# Problem:
Copy every line of the data exactly, keeping out any picture.

# Data section:
* * * * * * *

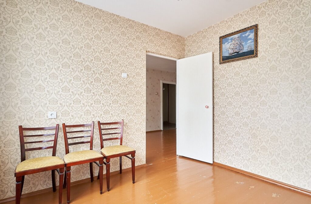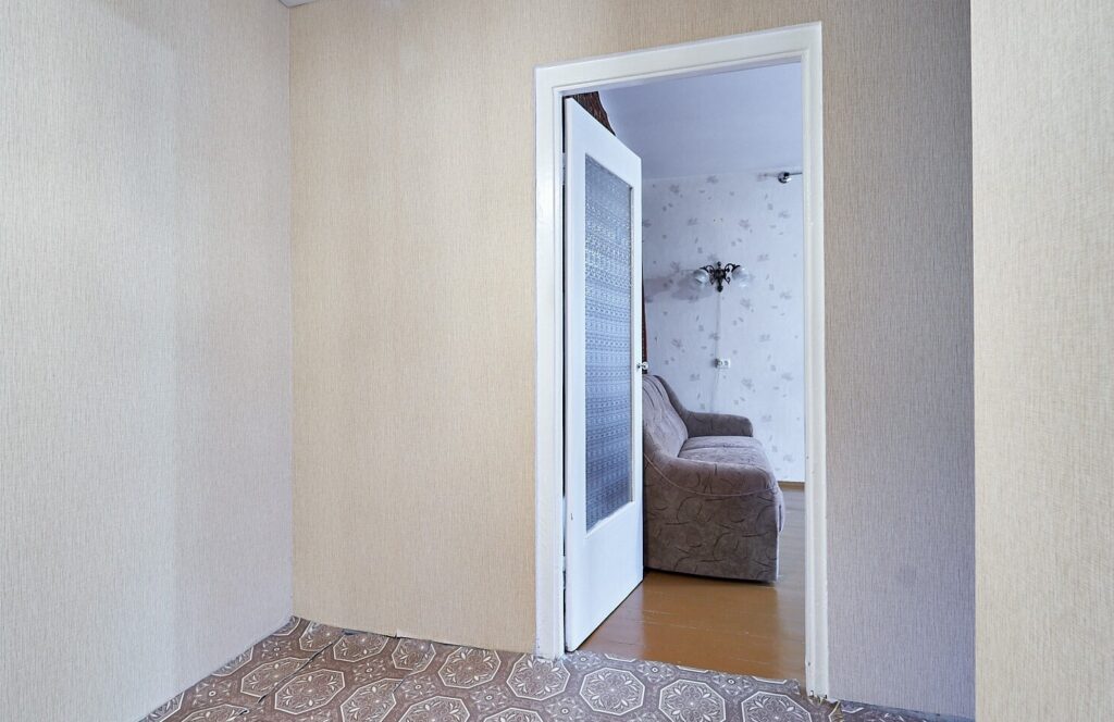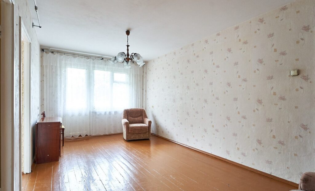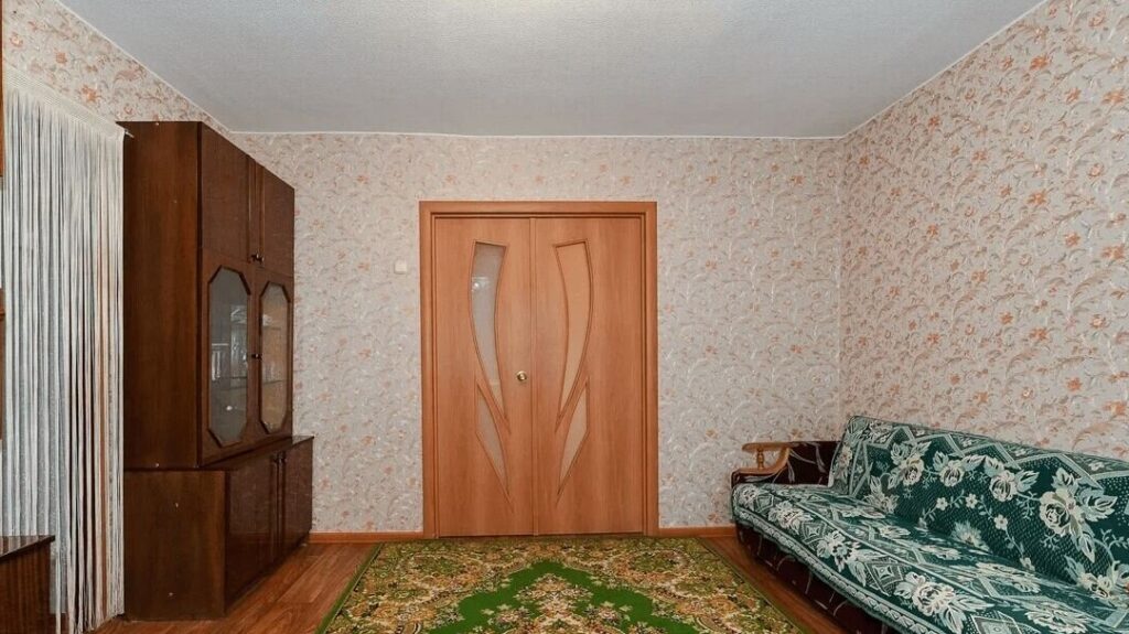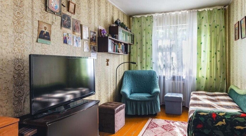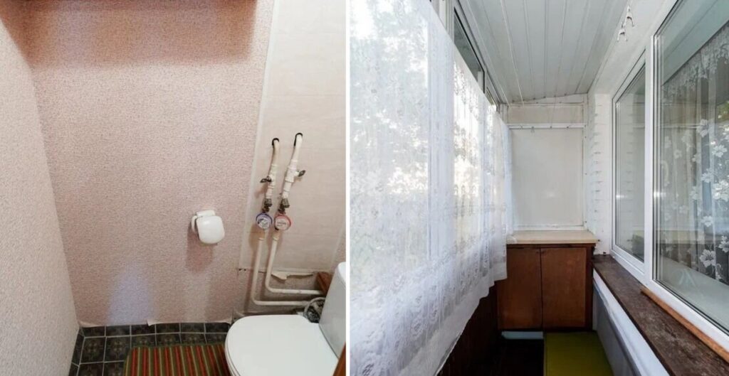 В 2023 году в этом доме был проведен капитальный ремонт, однако сама квартира нуждается в обновлении и ремонте. На полах находятся деревянные доски и линолеум, а в окнах установлены стеклопакеты. Из гостиной имеется выход на застекленный балкон, который, к слову, является проходной комнатой. Санитарные узлы в квартире раздельные.
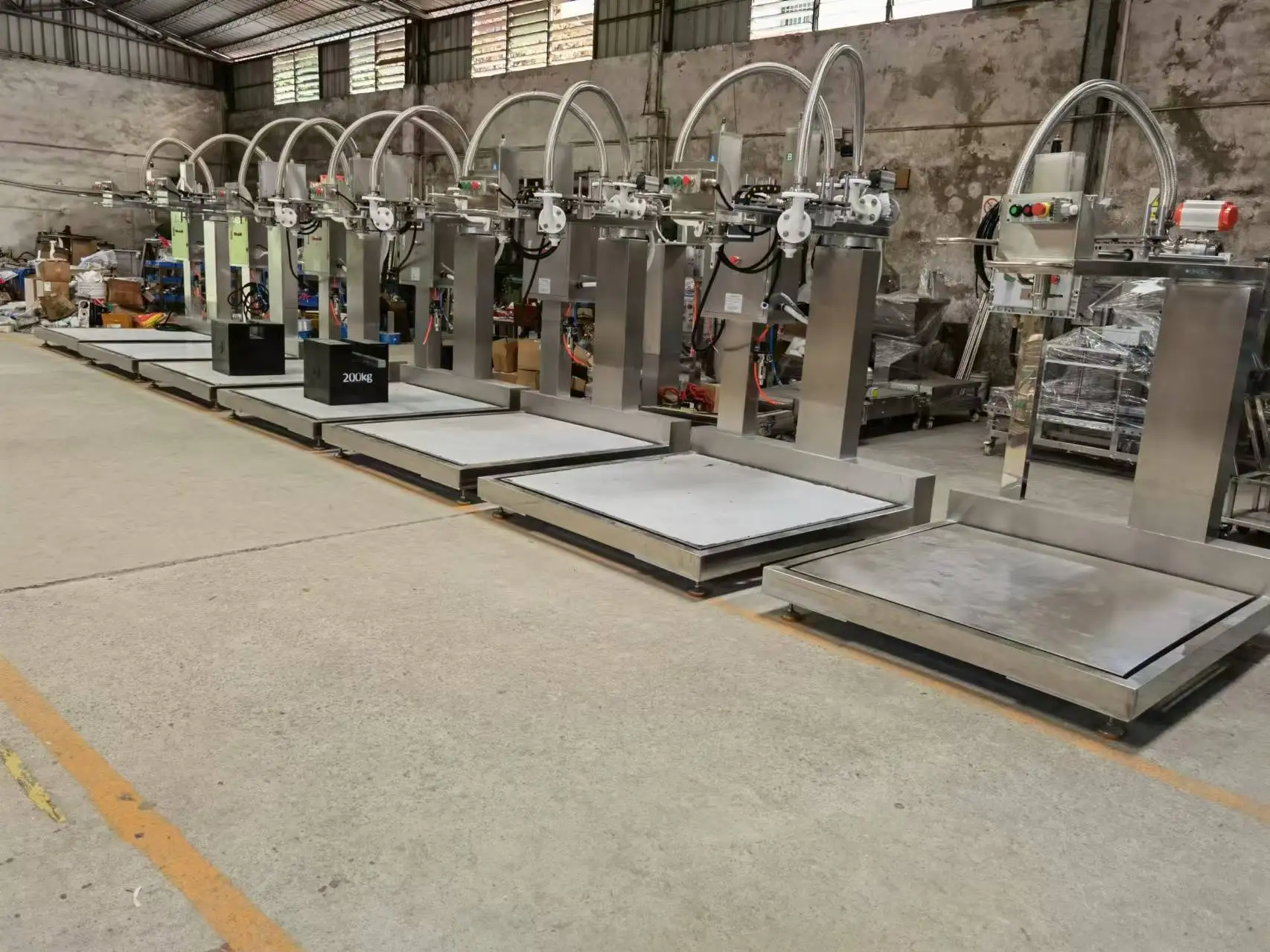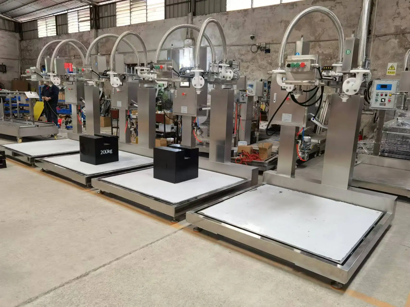 The Large and small bucket double gland machine; Specially designed for the need of frequent change of packaging specifications with double pressed lid function. Adopting the latest European weighing technology, Siemens programmable microcomputer controller, automatic discharge accuracy correction, triple protection for emergency stop/power failure/movement of cans. Set various packaging specifications, store more than thirty kinds of packaging specification data, over-running automatic alarm, automatic lid pressing system, and equipped with explosion-proof device. This equipment is applied to paint, ink, resin, emulsion, universal adhesive and other products with viscosity less than 5000CPS.
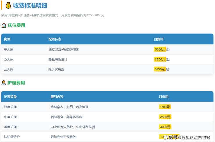 收费区间:3200-7000元/月(根据房型及护理等级分级定价)
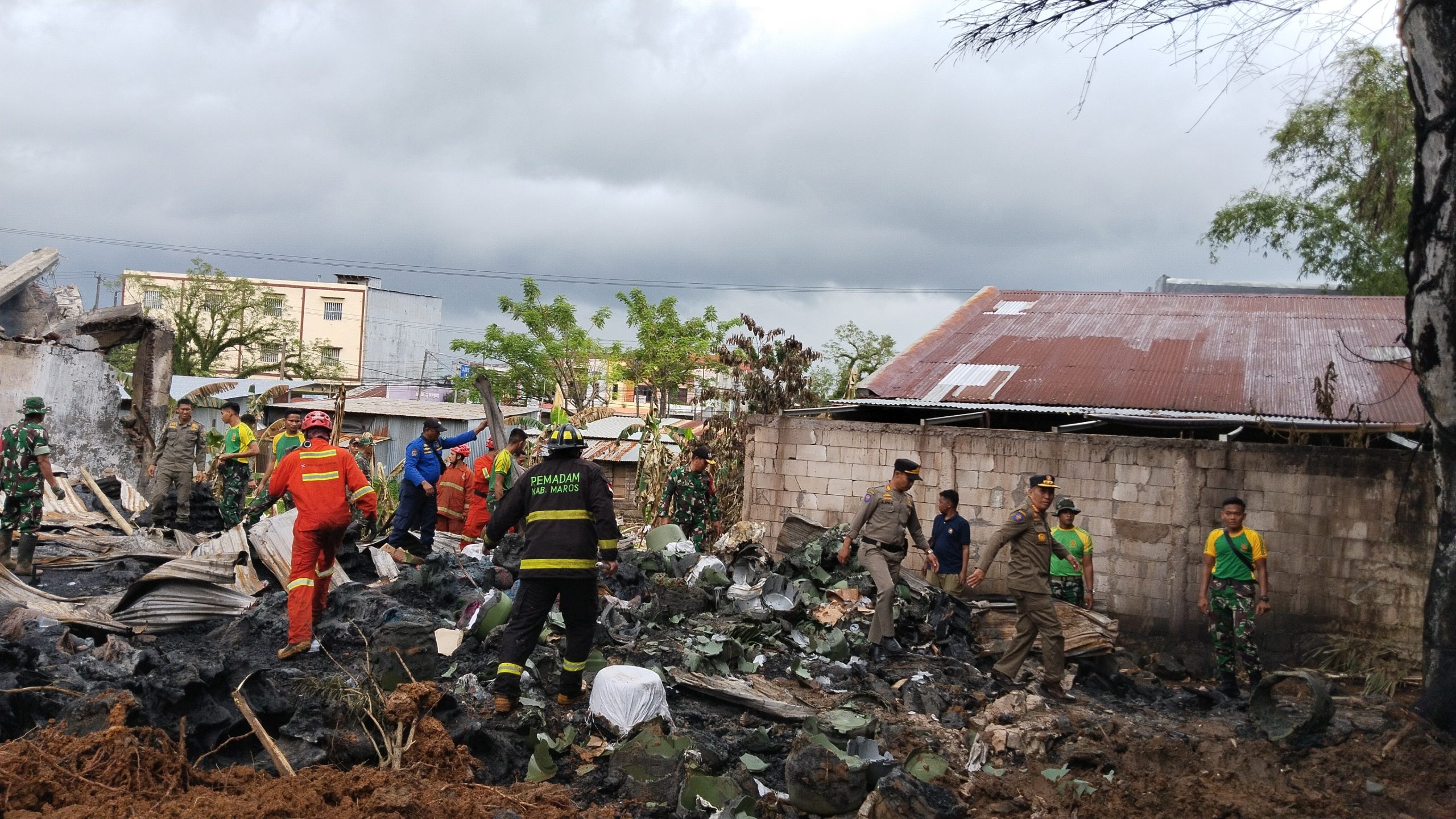 Mereka membantu proses pendinginan dan pembersihan pada sisa-sisa api yang masih mengepulkan asap.
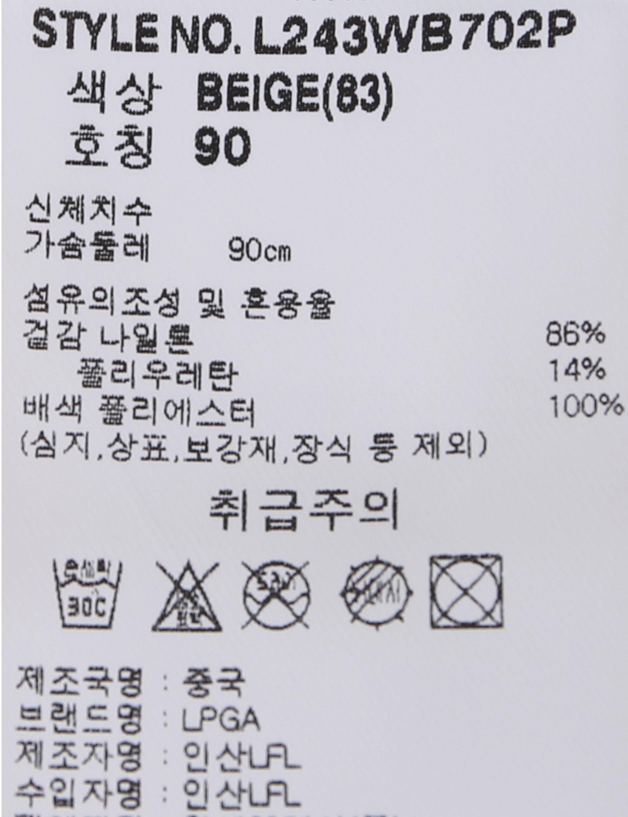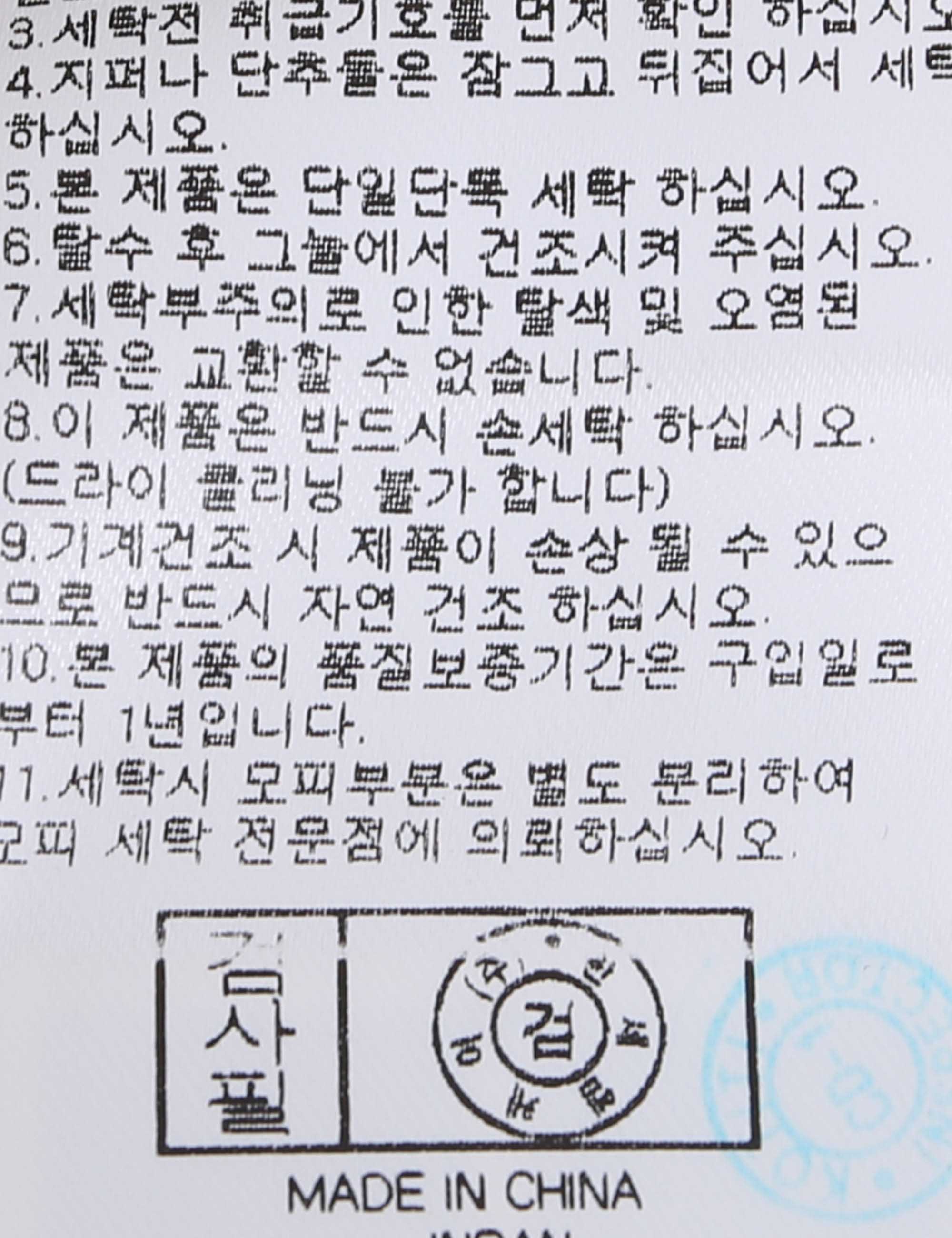 | 세탁방법 및 취급시 주의사항 | 본 제품은 손세탁 하십시오.(케어라벨참고) |
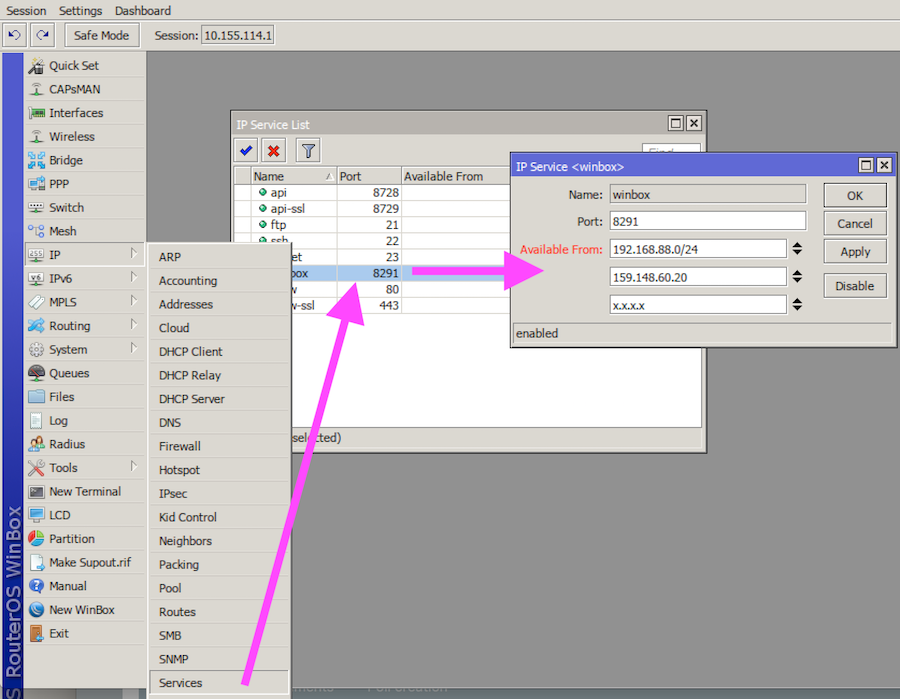 What do do: 1) Firewall the Winbox port from the public interface, and from untrusted networks. It is best, if you only allow known IP addresses to connect to your router to any services, not just Winbox. We suggest this to become common practice. As an alternative, possibly easier, use the “IP → Services” menu to specify “Allowed From” addresses. Include your LAN, and the public IP that you will be accessing the device from. 2) Change your passwords.

* * * * * * *

# Solution to the exercise:
 В 2023 году в этом доме был проведен капитальный ремонт, однако сама квартира нуждается в обновлении и ремонте. На полах находятся деревянные доски и линолеум, а в окнах установлены стеклопакеты. Из гостиной имеется выход на застекленный балкон, который, к слову, является проходной комнатой. Санитарные узлы в квартире раздельные.
 The Large and small bucket double gland machine; Specially designed for the need of frequent change of packaging specifications with double pressed lid function. Adopting the latest European weighing technology, Siemens programmable microcomputer controller, automatic discharge accuracy correction, triple protection for emergency stop/power failure/movement of cans. Set various packaging specifications, store more than thirty kinds of packaging specification data, over-running automatic alarm, automatic lid pressing system, and equipped with explosion-proof device. This equipment is applied to paint, ink, resin, emulsion, universal adhesive and other products with viscosity less than 5000CPS.
 收费区间:3200-7000元/月(根据房型及护理等级分级定价)
 Mereka membantu proses pendinginan dan pembersihan pada sisa-sisa api yang masih mengepulkan asap.
 | 세탁방법 및 취급시 주의사항 | 본 제품은 손세탁 하십시오.(케어라벨참고) |
 What do do: 1) Firewall the Winbox port from the public interface, and from untrusted networks. It is best, if you only allow known IP addresses to connect to your router to any services, not just Winbox. We suggest this to become common practice. As an alternative, possibly easier, use the “IP → Services” menu to specify “Allowed From” addresses. Include your LAN, and the public IP that you will be accessing the device from. 2) Change your passwords.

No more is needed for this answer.